- What needs to be done: Quote, word for word, only the lines running from the line with "Bu gece hayırlı" through the end of the listing. Leave out the pictures.
Exercise data: Begin
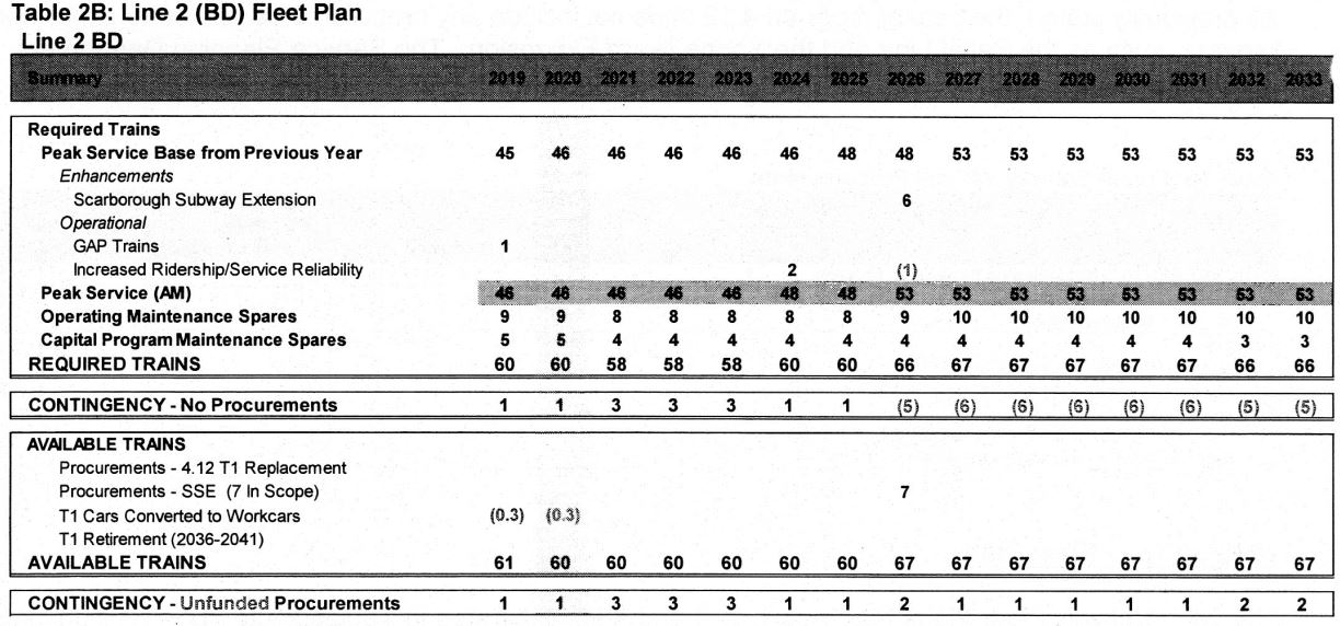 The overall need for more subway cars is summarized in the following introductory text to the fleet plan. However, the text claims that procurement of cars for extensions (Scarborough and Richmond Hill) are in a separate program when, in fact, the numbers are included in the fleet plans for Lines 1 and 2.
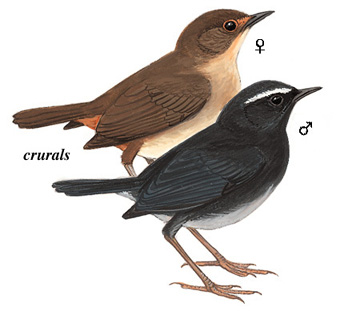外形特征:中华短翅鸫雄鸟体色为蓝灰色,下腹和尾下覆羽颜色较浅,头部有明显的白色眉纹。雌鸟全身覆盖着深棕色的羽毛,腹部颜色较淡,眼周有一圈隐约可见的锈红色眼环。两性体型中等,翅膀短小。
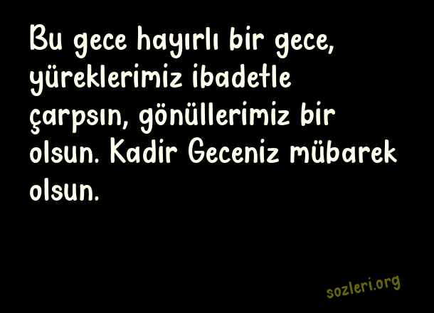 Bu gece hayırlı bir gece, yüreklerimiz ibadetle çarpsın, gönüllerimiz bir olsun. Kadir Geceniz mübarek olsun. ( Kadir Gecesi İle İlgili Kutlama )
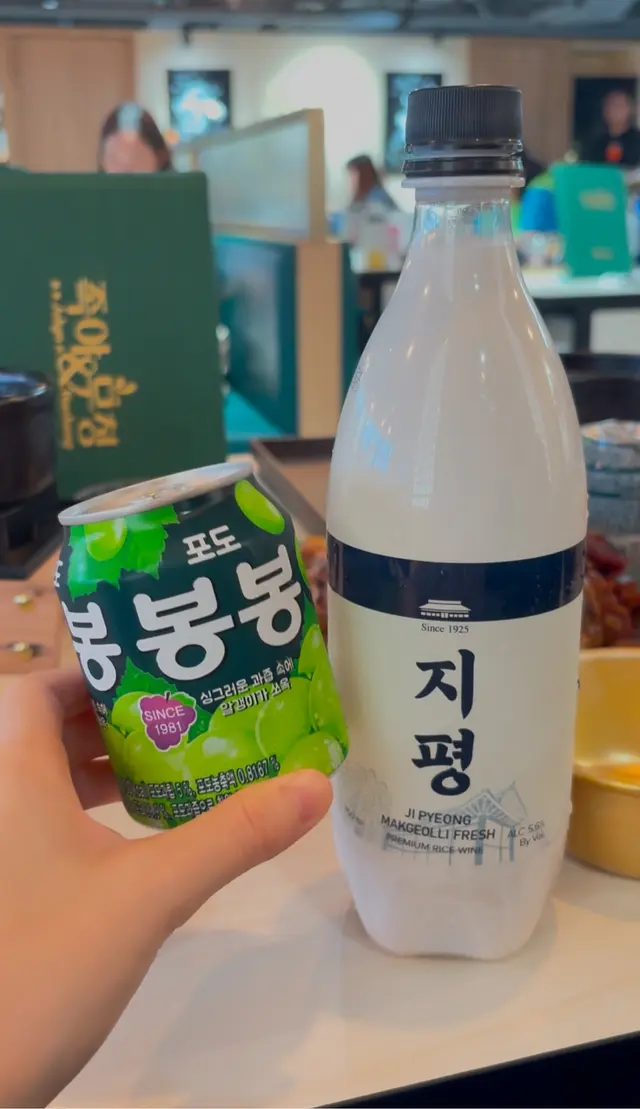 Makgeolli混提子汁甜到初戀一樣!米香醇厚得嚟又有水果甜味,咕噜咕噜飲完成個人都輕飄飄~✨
Exercise data: End
- Response box:
 Bu gece hayırlı bir gece, yüreklerimiz ibadetle çarpsın, gönüllerimiz bir olsun. Kadir Geceniz mübarek olsun. ( Kadir Gecesi İle İlgili Kutlama )
 Makgeolli混提子汁甜到初戀一樣!米香醇厚得嚟又有水果甜味,咕噜咕噜飲完成個人都輕飄飄~✨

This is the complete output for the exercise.